Roast them separately for a few minutes before adding mushrooms to keep texture from getting soggy.
What mushrooms work best?
Cremini or baby bella are ideal for meaty texture and deep flavor. Portobello chunks also work. Button mushrooms are fine but less intense.
How do I make it dairy-free?
It already is, unless you add cheese.
The tahini dressing gives creaminess without dairy.
Can I make the dressing ahead?
Absolutely. It keeps in the fridge for up to a week. It may thicken—just whisk in a teaspoon of warm water before serving.

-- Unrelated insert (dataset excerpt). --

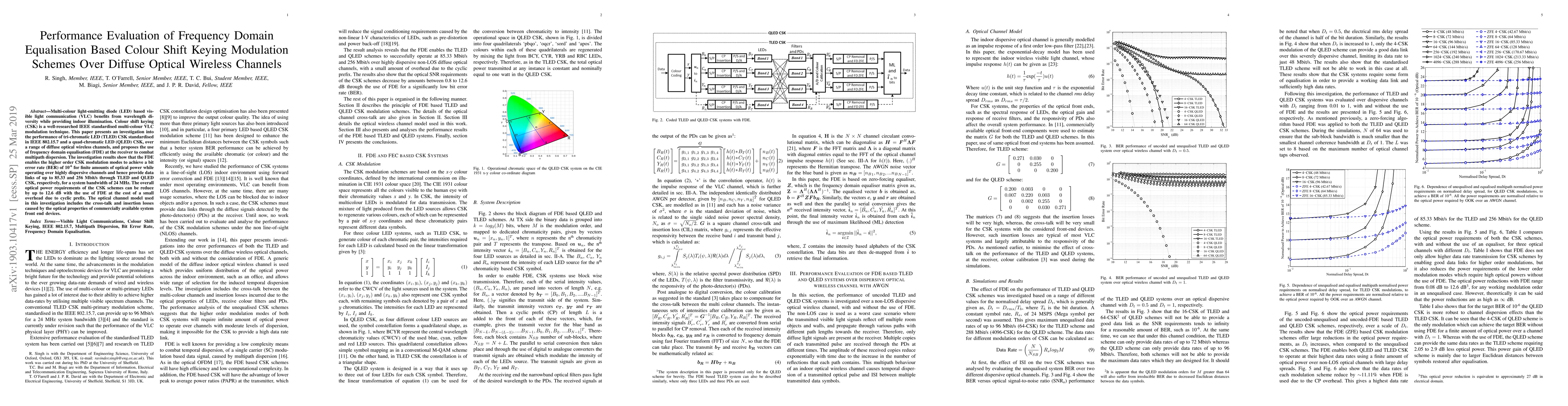 Multi-colour light-emitting diode (LED) based visible light communication (VLC) benefits from wavelength diversity while providing indoor illumination. Colour shift keying (CSK) is a well-researched IEEE standardised multi-colour VLC modulation technique. This paper presents an investigation into the performance of tri-chromatic LED (TLED) CSK standardised in IEEE 802.15.7 and a quad-chromatic LED (QLED) CSK, over a range of diffuse optical wireless channels, and proposes the use of frequency domain equalisation (FDE) at the receiver to combat multipath dispersion. The investigation results show that the FDE enables the higher order CSK modulation modes to achieve a bit error rate (BER) of 10\textsuperscript{-6} for finite amounts of optical power while operating over highly dispersive channels and hence provide data links of up to 85.33 and 256 Mbit/s through TLED and QLED CSK, respectively, for a system bandwidth of 24 MHz. The overall optical power requirements of the CSK schemes can be reduce by up to 12.6 dB with the use of FDE at the cost of a small overhead due to cyclic prefix. The optical channel model used in this investigation includes the cross-talk and insertion losses caused by the optical properties of commercially available system front end devices.

What if I don’t like tahini?
Use an olive oil vinaigrette with lemon, Dijon, and a touch of garlic.
Or try almond butter for a richer, slightly sweet profile.
Can I air-fry the veggies?
Yes. Cook at 400°F (205°C) for 10–14 minutes, shaking halfway. Work in batches to avoid overcrowding.
How do I keep red onion from overpowering?
Soak slices in cold water with a pinch of salt for 10 minutes, then drain.
Mellow flavor, same crunch.
What’s a good nut-free option?
Use toasted pumpkin or sunflower seeds for crunch without nuts. Still keto, still awesome.
Can I serve it cold?
Yes, but it shines warm or room temp. If serving cold, refresh with a squeeze of lemon and a drizzle of olive oil before plating.
In Conclusion
This Keto Vegetarian Roasted Mushrooms And Green Beans Salad punches way above “salad” status.
It’s meaty without meat, rich without guilt, and simple without being basic. Make it once, and it’ll sneak onto your weekly rotation—no motivational speech required. Eat well, stay sharp, and let the umami do the heavy lifting.